## Library imports

In [1]:
from pyspark.sql import SparkSession
from pyspark.sql.functions import col, split, explode,substring, length, udf
from pyspark.sql.types import *
from pyspark.sql import Row
from itertools import cycle
from pyspark.ml.regression import LinearRegression
import numpy as np

import matplotlib.pyplot as plt
%matplotlib inline

from pyspark.sql import functions as F
from pyspark.sql import types as T

## Session starting


In [2]:
spark = SparkSession \
    .builder \
    .appName("Python Spark SQL basic example") \
    .config("spark.some.config.option", "some-value") \
    .getOrCreate()

## Loading data to the Dataframe

In [3]:
sqlDF = spark.sql("SELECT * FROM investments")
sqlDF.show(5)

+-----------------+----+---------------+
|raised_amount_usd|year|       category|
+-----------------+----+---------------+
|            1.5E7|2014|     E-Commerce|
|            1.4E7|2015|         Drones|
|            1.4E7|2015|  Manufacturing|
|        1870000.0|2011|             3D|
|        1870000.0|2011|Computer Vision|
+-----------------+----+---------------+
only showing top 5 rows



### Filter

In [4]:
SQLQUERY =  """
            SELECT CATEGORY, 
            CAST(YEAR AS INT), 
            SUM(RAISED_AMOUNT_USD) AS TOTAL, 
            CAST(SUM(RAISED_AMOUNT_USD) AS DECIMAL(30)) AS TOTAL_DEC 
            FROM INVESTMENTS GROUP 
            BY CATEGORY, YEAR 
            """
#  ORDER BY YEAR DESC, TOTAL DESC

In [5]:
sqlDF = spark.sql(SQLQUERY)
sqlDF.show(5)

+------------------+----+--------------+----------+
|          CATEGORY|YEAR|         TOTAL| TOTAL_DEC|
+------------------+----+--------------+----------+
|  Mobile Analytics|2010|       4.205E7|  42050000|
|Big Data Analytics|2013|  2.35683979E9|2356839790|
| Online Scheduling|2012|      9.5505E7|  95505000|
|          Creative|2012|  1.65391911E8| 165391911|
|              Apps|2008|6.3178257004E8| 631782570|
+------------------+----+--------------+----------+
only showing top 5 rows



## Vectorization of the feature matrix

In [6]:
from pyspark.ml.feature import VectorAssembler

vectorAssembler = VectorAssembler(inputCols = ['YEAR'], outputCol = 'FEATURES')
featureDF = vectorAssembler.transform(sqlDF).select('CATEGORY', 'FEATURES', 'TOTAL')

featureDF.show(5)

+------------------+--------+--------------+
|          CATEGORY|FEATURES|         TOTAL|
+------------------+--------+--------------+
|  Mobile Analytics|[2010.0]|       4.205E7|
|Big Data Analytics|[2013.0]|  2.35683979E9|
| Online Scheduling|[2012.0]|      9.5505E7|
|          Creative|[2012.0]|  1.65391911E8|
|              Apps|[2008.0]|6.3178257004E8|
+------------------+--------+--------------+
only showing top 5 rows



In [7]:
f = featureDF.select('CATEGORY').distinct()


In [8]:
Categories = [row.CATEGORY for row in f.collect()]


In [9]:
len(Categories)

837

## Preparation of prediction data

In [10]:
# Features matrix to predict the amount for the Year 2020

l =  [(2020,)]

rdd = sc.parallelize(l)
test = rdd.map(lambda x: Row(YEAR=x[0] ))
testDF = sqlContext.createDataFrame(test)

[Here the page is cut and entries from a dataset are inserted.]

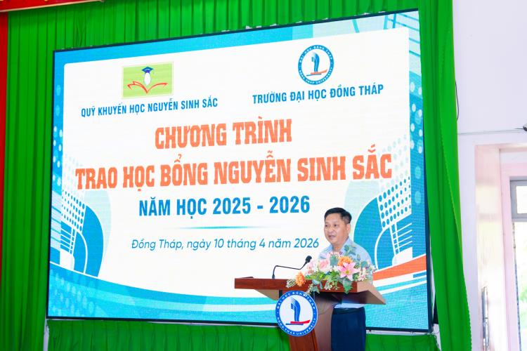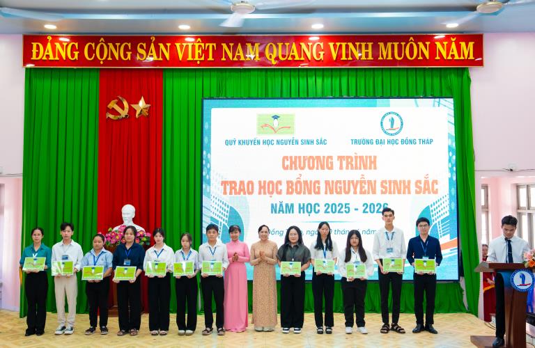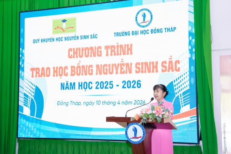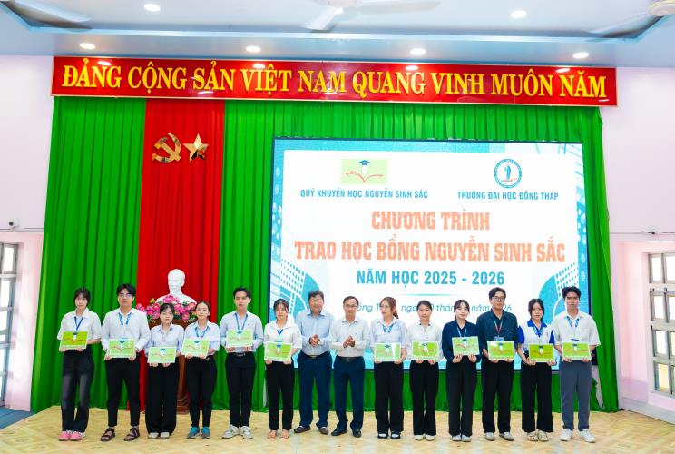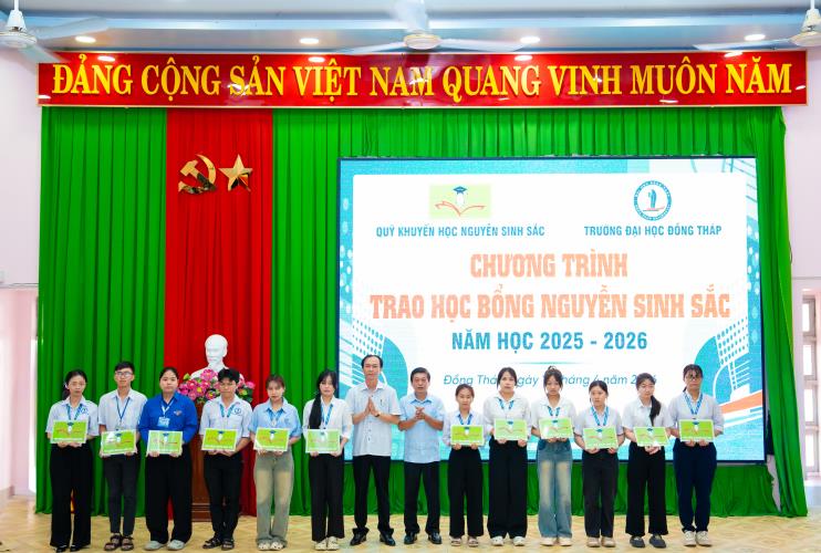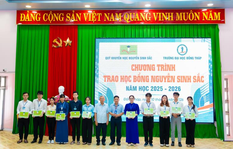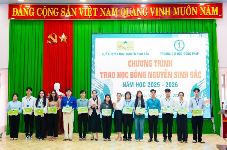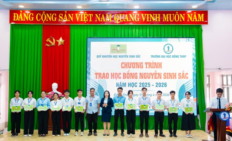 On April 10, Dong Thap University, in collaboration with the Nguyen Sinh Sac Scholarship Fund, held the 2025–2026 Nguyen Sinh Sac Scholarship Award Ceremony for students facing difficult circumstances and achieving strong academic results. These scholarships carry practical meaning, providing motivation for students to strive in their studies and personal development.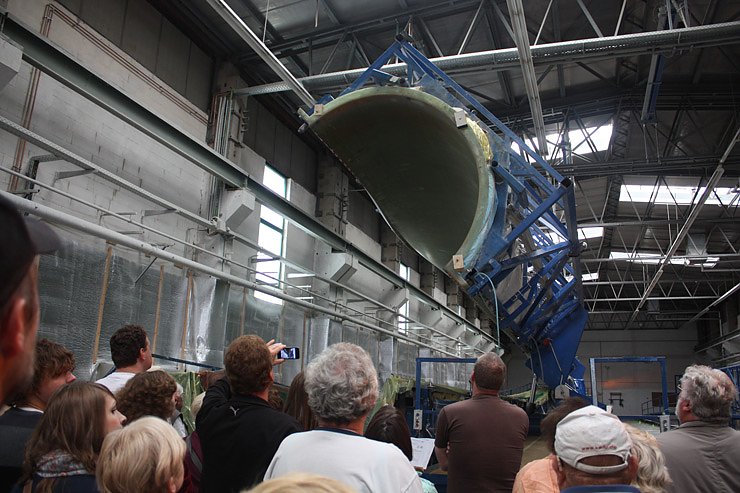 Im Anschluss an die offizielle Begrüßung führte Jürgen Simon, Produktionsleiter des Werks, die Besucher in vier Stationen durch die einzelnen Arbeitsschritte des Produktionsprozesses. Bevor ein Rotorblatt gebaut werden kann, muss ein Modell des Blattes entworfen werden, das als Vorlagenform dient. Anhand dieser Vorlage werden Glasfaserbündel verwoben, die als Grundgerüst des Blattes dienen. Dieses Grundgerüst besteht aus zwei sogenannten Booten und zwei Stegen. Die beiden Boote werden als Unter- und Oberschale zusammengeklebt. Die Stege dienen zur inneren Stabilisierung des Blattes.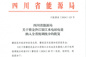 【攀水電公司】銀江水電站成功取得省能源局統(tǒng)調(diào)統(tǒng)分批復(fù)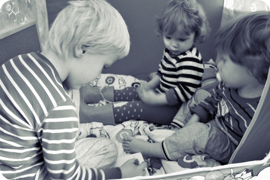 Ett tag idag var det helt tyst utan att någon gjorde nåt galet (som att vrida på spisplattan, rycka som en tog i ugnsluckan eller klättra upp på databordet). Där satt de alla tre, ihopkrupna och fokuserade i kojan. William lekte skola och Milja hade dragit på sig stövlarna, Isaac satt och lyssnade.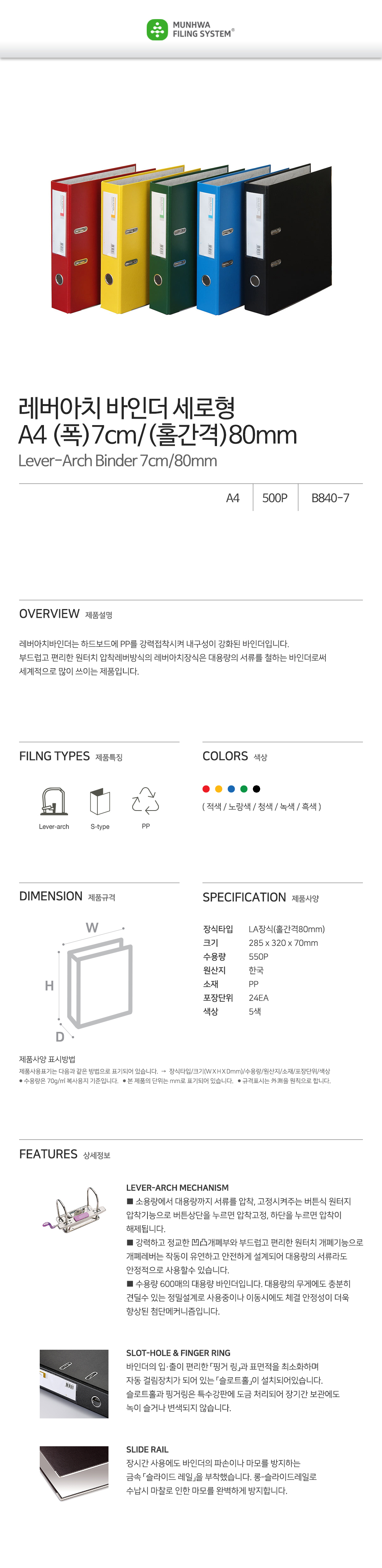 The Munhwa File B840-71 Lever Arch Binder is a world-class organizational tool designed for heavy-duty professional use. Featuring a durable PP-laminated hardboard construction, it offers unmatched rigidity and longevity. Its core is the precision-engineered one-touch lever mechanism, allowing for effortless opening and firm document compression. Equipped with protective metal slide rails to prevent bottom wear and dual slot-holes for secure closure, this binder is the global standard for managing large-scale reports, legal documents, and permanent archives.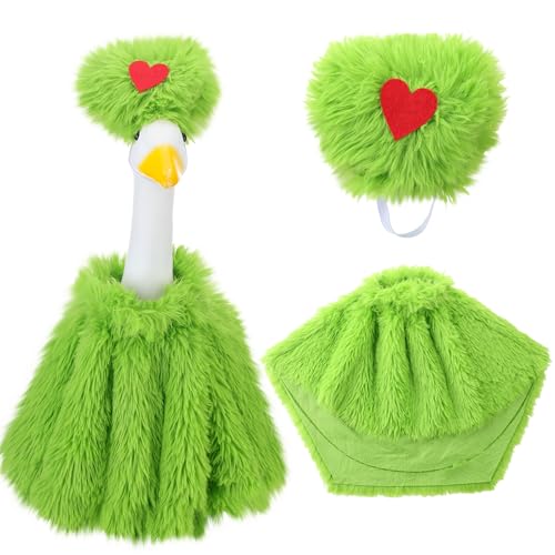 Aliceset Christmas Red and Green Goose Outfit Porch Goose Clothes Christmas Cape with Red and Green Fur Headgear Costume for 23" Statue Patio Lawn Garden Xmas Decoration

vectorAssembler = VectorAssembler(inputCols = ['YEAR'], outputCol = 'FEATURES')
vectorDF = vectorAssembler.transform(testDF).select('FEATURES')

## Forecating model training for each sector (Linear Regression)

In [11]:
#count = 0 
summaryInfo = []
columns = ['Category', 'Gradient', 'Slope' ,'Intercept','RMSE', 'R2', 'Prediction']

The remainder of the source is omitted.